Venator Materials Corporation (Spin-Off)
Venator Materials Corporation (NYSE: “VNTR”) is a leading global manufacturer and marketer of chemical products that improve the quality of life for downstream consumers and promote a sustainable future. The company’s products comprise a broad range of pigments and additives that bring color and vibrancy to buildings, protect and extend product life, and reduce energy consumption. The company markets products globally to a diversified group of industrial customers through two segments: Titanium Dioxide and Performance Additives. It is a leading global producer in many of the key product lines, including titanium dioxide, color pigments, functional additives, timber treatment and water treatment products. Venator operates 27 facilities, employ approximately 4,500 associates worldwide and sell products in more than 110 countries. For the twelve months ended December 31, 2016, Venator recorded pro-forma revenue and adjusted EBITDA of $2,139 million and $130 million respectively.
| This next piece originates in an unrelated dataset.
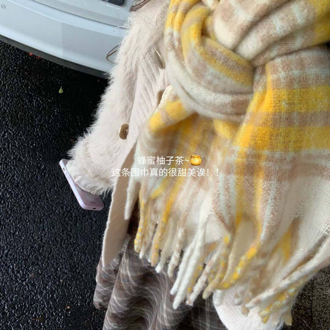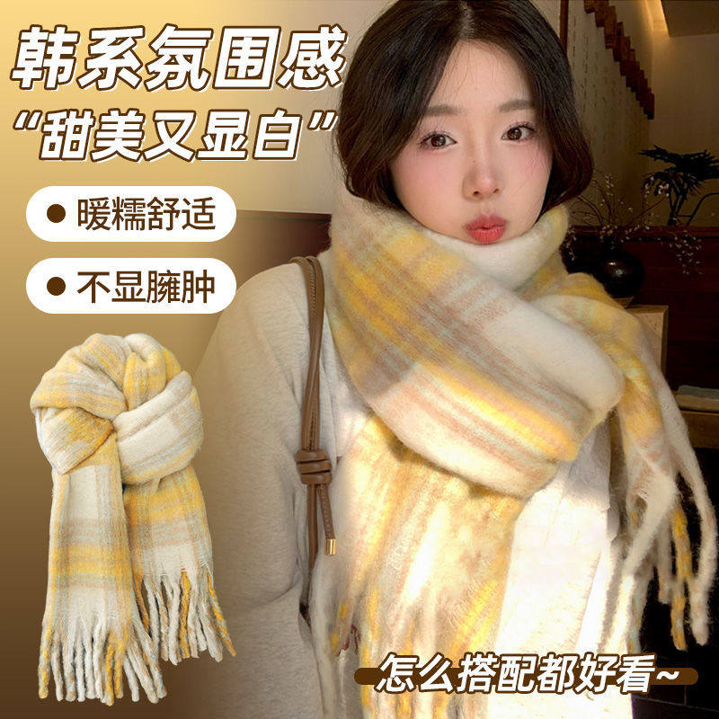 韩系高级感围巾女冬季2025新款百搭显白奶黄格子披肩加厚保暖围脖

Clariant AG (Merging Entity)
Clariant AG (SIX: CLN) is a Switzerland-based producer of specialty chemicals. It operates through four business areas: Care Chemicals, Catalysis, Natural Resources, and Plastics and Coatings. The Care Chemicals business area produces ingredients for laundry detergents, fabric softeners, disinfectants and dishwashing detergents, as well as plasticizers, de-icing fluids for aircrafts and runways, and special solvents. The Catalysis business area offers a wide range of catalysts for the petrochemicals, plastics and refining industries. The Natural Resources business area provides products and services to the minerals and oil and mining industries. The Plastics and Coatings business area produces color and additive concentrates and performance solutions for plastics, flame retardants, polymer additives and waxes for functional effects in plastics, coatings, inks and other special applications, as well as organic pigments, pigment preparations and specialty dyes. For FY16, Clariant reported the total revenue of CHF 5,847 million and adjusted EBITDA of CHF 898 million or margin of 15.2%.